■ DIRECTIONS: An exact reproduction is needed of every line from the beginning of the data down to and including the line that contains "2.轉接人工客服操作步驟分為", minus the pictures.

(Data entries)
== == ==
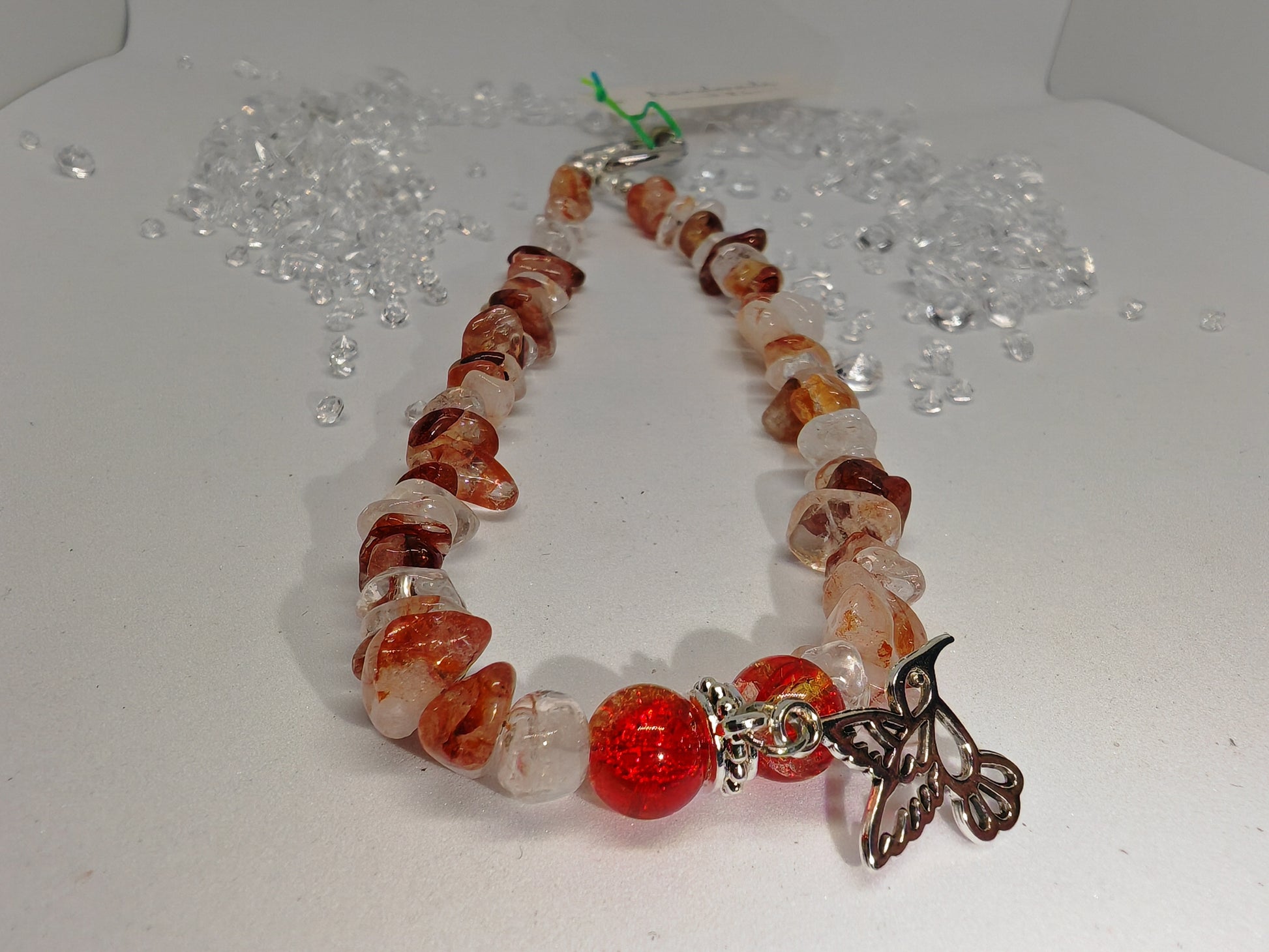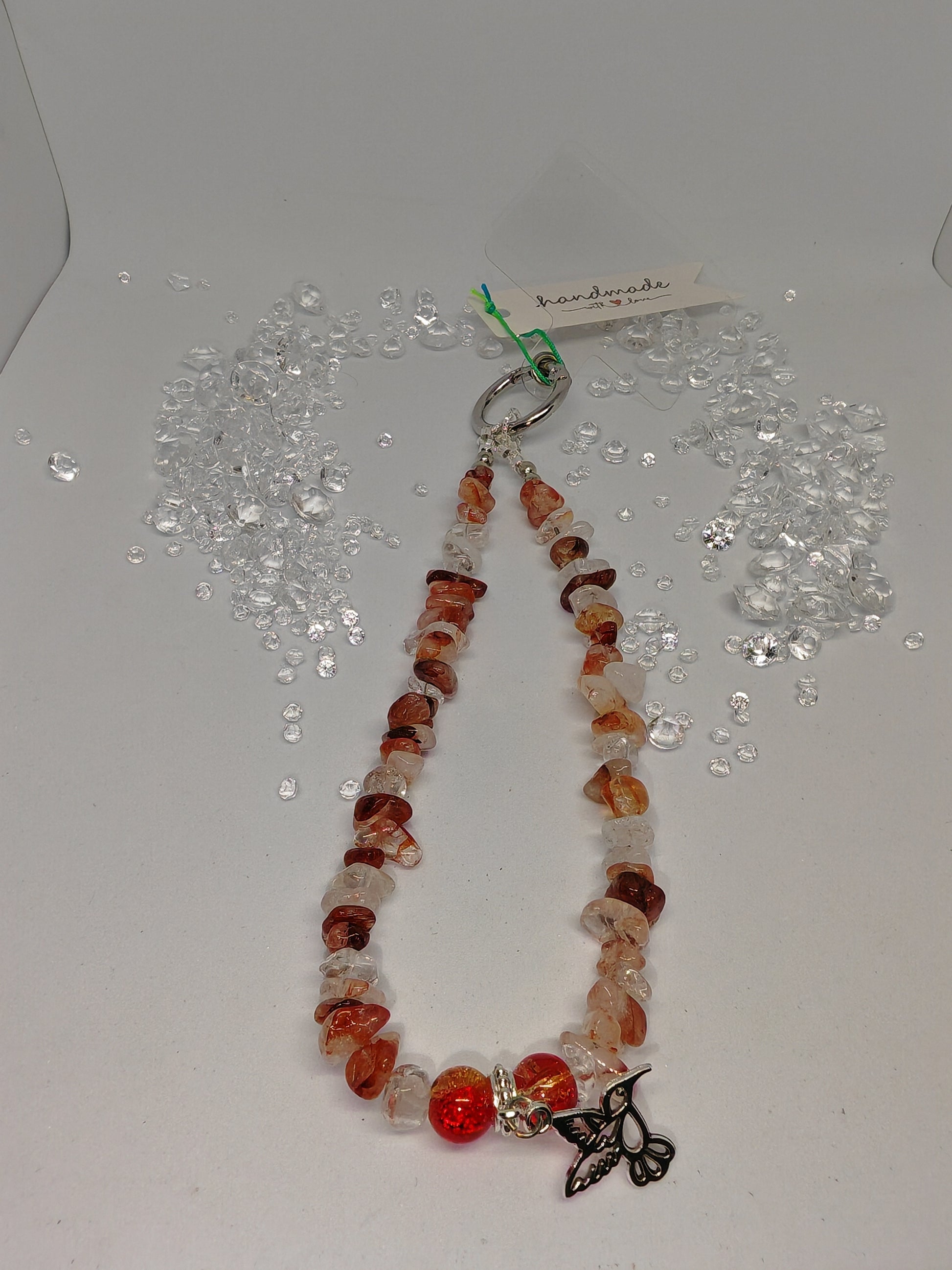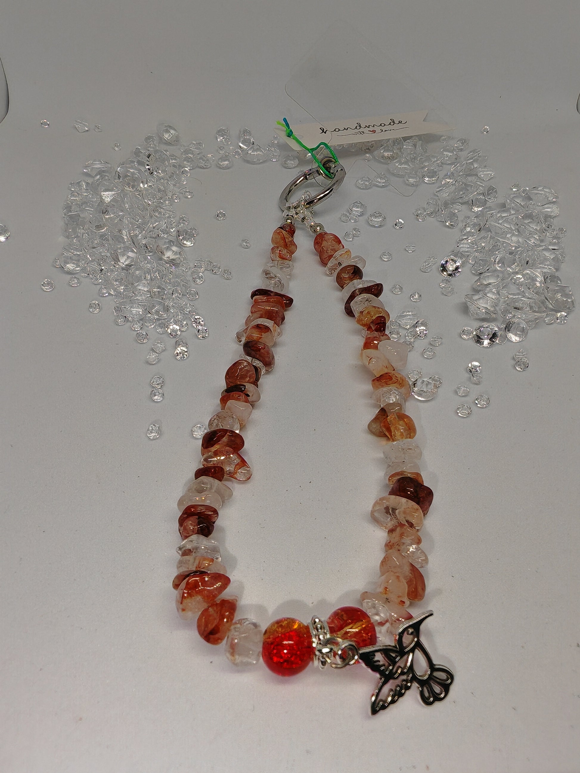 Enhance your phone with our Hummingbird Phone Charm Wristlets, featuring luxurious Fire Quartz chips and an elegant Hummingbird charm. Handmade with attention to detail, this accessory can hold your phone and adds a touch of sophistication to your case. Elevate your style and show off your unique taste with our exclusive wristlets.
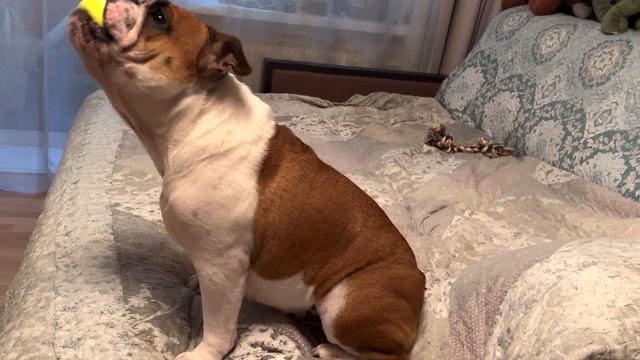 Реакция английский бульдожки Черри на новый мяч
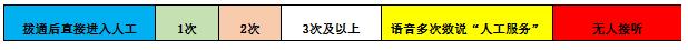 2.轉接人工客服操作步驟分為:撥通后直接進入人工、需操作一次、兩次、三次及以上次數接通人工服務。數據表中根據人工客服撥通的操作次數分成不同顏色區域,如下:
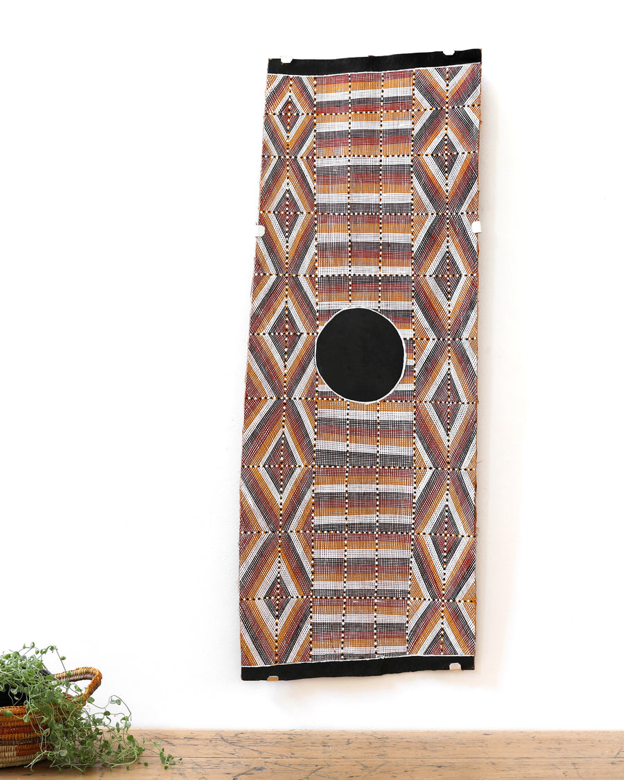 Cette œuvre provient de Maningrida Arts & Culture, basé sur le pays Kunibídji en Arnhem Land. Les artistes vivent dans des homelands couvrant plus de 7 000 km² de terre et de mer et plus de 100 domaines claniques, où de nombreuses langues distinctes sont parlées et où les communautés continuent de vivre sur leur Country.
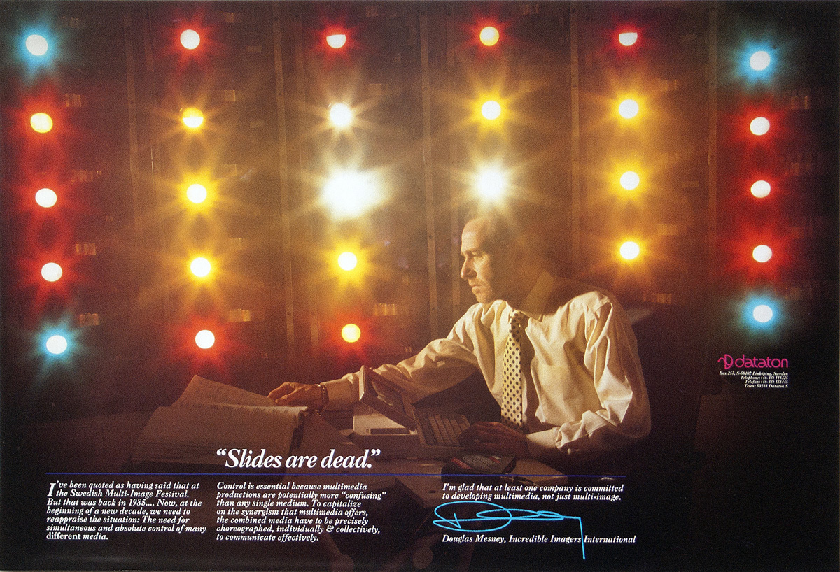 1989 - Douglas Mesney featured in Datron 'Slides Are Dead' adverstisement
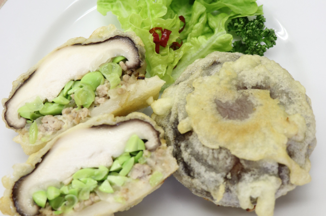 4. ①のエダマメと③の豚ひき肉炒めを4等分にし、シイタケの内側にエダマメ、豚ひき肉炒めの順にのせ、薄切りした餅で蓋をする。
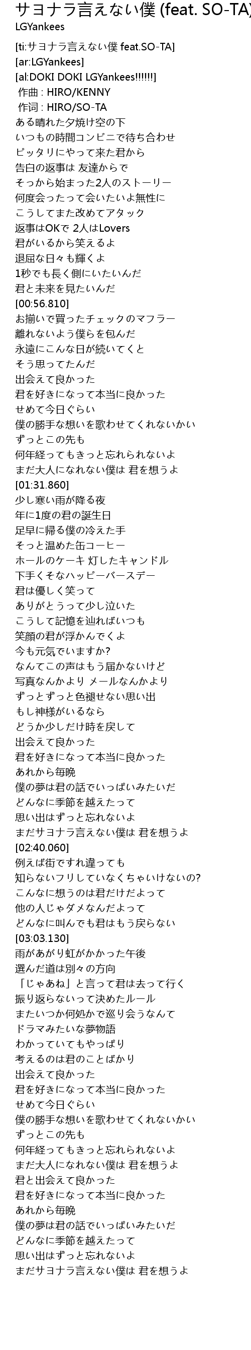 | [ti:サヨナラ言えない僕 feat.SO-TA] | |
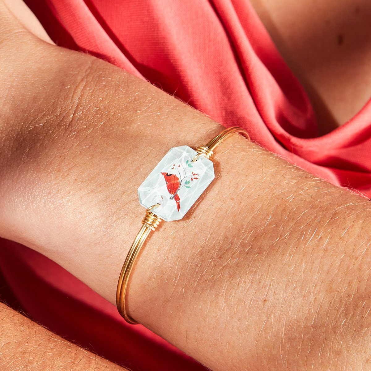 Nest your hopes in a brighter vision for tomorrow. Our digitally-printed Red Cardinal Crystal Dylan Bangle shines in a classic emerald-cut design.
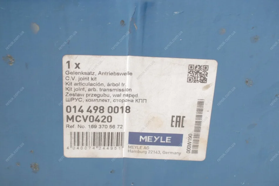 РШ шарнір (комплект) MEYLE 014 498 0018 (a1693704772, A1693704872, A1693705672)
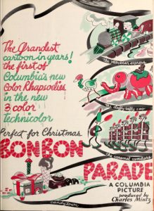 Charles Mintz produced a dandy in the wake of The Cookie Carnival, as his own first effort in three-strip Technicolor, Bon Bon Parade (Columbia, Color Rhapsody, 12/5/35). For a concept likely rushed to production within a half-year, the film is for the most part amazingly flawless, finely animated (particularly in a precision march of a peppermint-stick soldier brigade), and features both dazzling special effects and a great use of color, particularly in a spectactular fireworks display ending the film. Where it falters, however, is in other shots of candy-striping, giving away the limitations of its quality-control personnel and/or its budget for retakes. At approximately 5:08, a calliope upon a parade float is revealed, as a roof of the float rises upon four peppermint-stick poles. All four red and white poles display varying degrees of stripe-interchanging as the roof rises to full height. Surprisingly, the calliope pipes (also made of striped candy sticks in green and yellow) maintain their proper stripe positions throughout the expanding and contracting musical action of the shot. At approximately 5:26, a wild animal cage enters on a float, its bars all made of striped candy sticks. The first bar seen entering the shot glaringly shifts color about every quarter of a second, while a green and white bar in the far rear of the float, partially cast in shadow, features a repeating cel where two consecutive stripes are erroneously painted the same color about three-quarters of the way down the stick, throwing the color of all stripes below off by one line, leaving the bottom third of the pole changing color while the top remains stationary. A final error does not involve the stripes, but instead is of the voice-switch variety discussed last week, as the king of Candy Town sings three consecutive lines of a song at approximately 3:52, even though he is singing in three different voices, two of the lines properly intended for his lollipop palace guards, who accompanied him in an earlier shot.
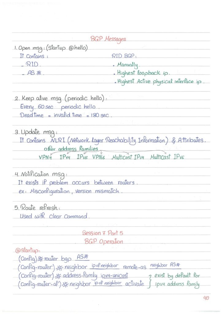 - BGP Messages: Open, Keepalive, Update, Notification, and Route Refresh.
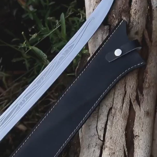 The blade is made from high-quality stainless steel, offering durability, corrosion resistance, and a polished finish ideal for long-term display. The engraved steel handle adds visual depth while providing a solid, comfortable grip. A handmade leather cover is included for protection and presentation.
== == ==
■ FINAL ANSWER:
 Enhance your phone with our Hummingbird Phone Charm Wristlets, featuring luxurious Fire Quartz chips and an elegant Hummingbird charm. Handmade with attention to detail, this accessory can hold your phone and adds a touch of sophistication to your case. Elevate your style and show off your unique taste with our exclusive wristlets.
 Реакция английский бульдожки Черри на новый мяч
 2.轉接人工客服操作步驟分為:撥通后直接進入人工、需操作一次、兩次、三次及以上次數接通人工服務。數據表中根據人工客服撥通的操作次數分成不同顏色區域,如下:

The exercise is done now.